Published March 18, 2014
International soccer's governing body has been hit by fresh corruption claims after a British newspaper reported that a former vice president received millions of dollars from a Qatari company shortly after the decision was made to award the Gulf state hosting rights to the 2022 World Cup.
The Daily Telegraph reported that former FIFA Vice President Jack Warner was personally paid $1.2 million from a company run by a former FIFA official from Qatar mere weeks after the governing body's executive committee voted to stage the world's most prestigious soccer tournament in the Arab state in December 2010.

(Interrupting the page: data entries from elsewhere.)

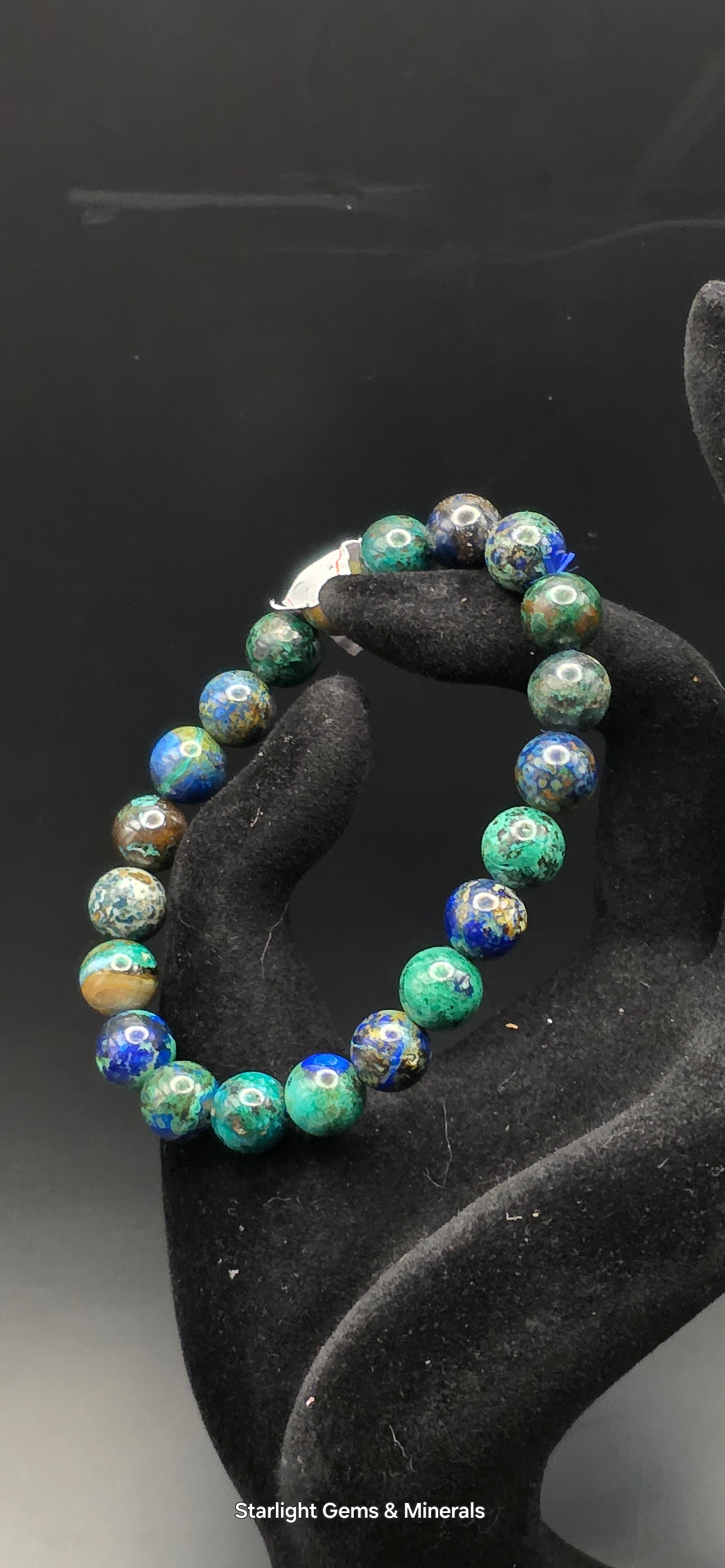 Because the Azerite crystal and Malachite mineral matrix are highly polished, they are physically safe unless broken.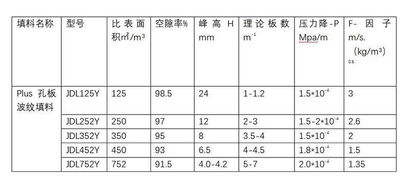 2、PLUS不銹鋼孔板波紋填料技術(shù)特性數(shù)據(jù)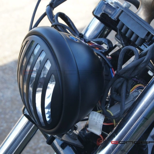 This universal Prison Grill Headlight is made of metal and has a matte black finish. It has a universal bottom mount which can be mounted to just about any motorcycle.
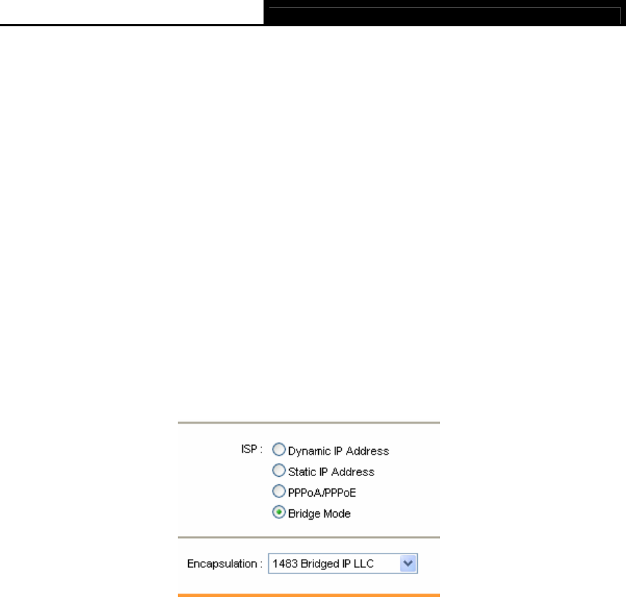 If you select this type of connection, the modem can be configured to act as a bridging device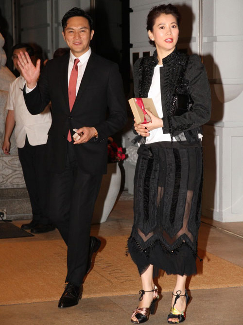 Vietbf.com - Vợ chồng Trương Trí Lâm sánh vai nhau đi tham dự đám cưới của đồng nghiệp Quách Phú Thành ở Hong Kong. Hôn lễ của nam tài tử Quách Phú Thành Hoa hậu Viên Vịnh Nghi diện váy xuyên thấu trong tiệc cưới buổi tối.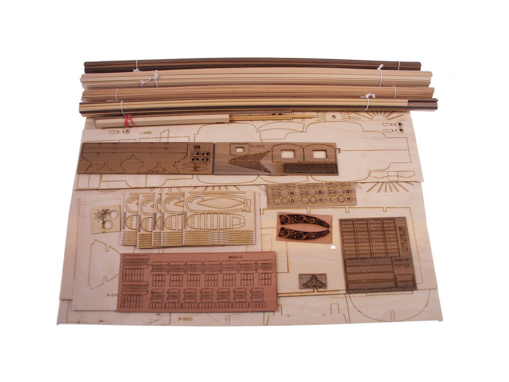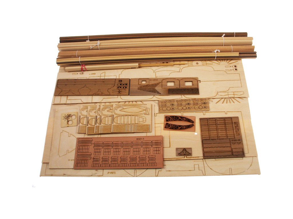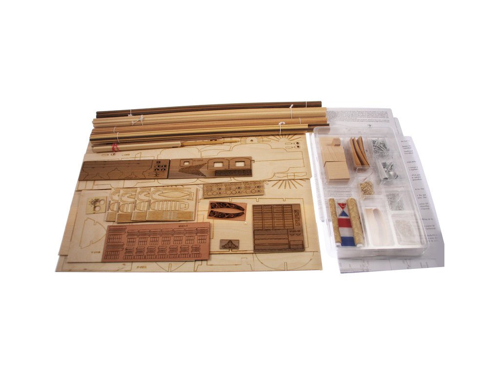 Balení obsahuje sadu překližkových dílů, sadu dřevěných lišt o různém průřezu, blistr s drobnými díly, sadu výkresů a manuál.

In addition, the paper reported that Warner's son was paid $750,000 and one of his employees was paid $400,000. The payments have reportedly drawn the attention of the FBI, who is investigating Warner's links to Qatar's bid to host the tournament with the help of Warner's son, who lives in Miami. Warner himself is from Trinidad and is based there. The FBI's investigation is believed to focus on bank accounts in the U.S. and the Cayman Islands held by Warner.
Warner stepped down from his position at FIFA in 2011 after serving as the organization's vice president for 14 years. At the time of his decision, he was accused of facilitating bribes for members of the Caribbean soccer associations on behalf of the Qatari FIFA official, Mohammad bin Hammam, who was running to become FIFA's president.
The decision to award hosting rights to Qatar over bids from Australia, Japan, South Korea, and the United States is generally regarded as one of the most shocking in the organization's history. Despite the fact that the World Cup is traditionally held in June and July, FIFA has raised the possibility of holding the tournament in the winter for the first time in its history due to the desert nation's oppressive heat.
In addition, Qatar has come under scrutiny for the treatment of migrant workers hired to build the stadiums for the tournament. Last month, a German newspaper reported that FIFA was considering moving the World Cup to another location, but a decision would not be made until later this year or early next year.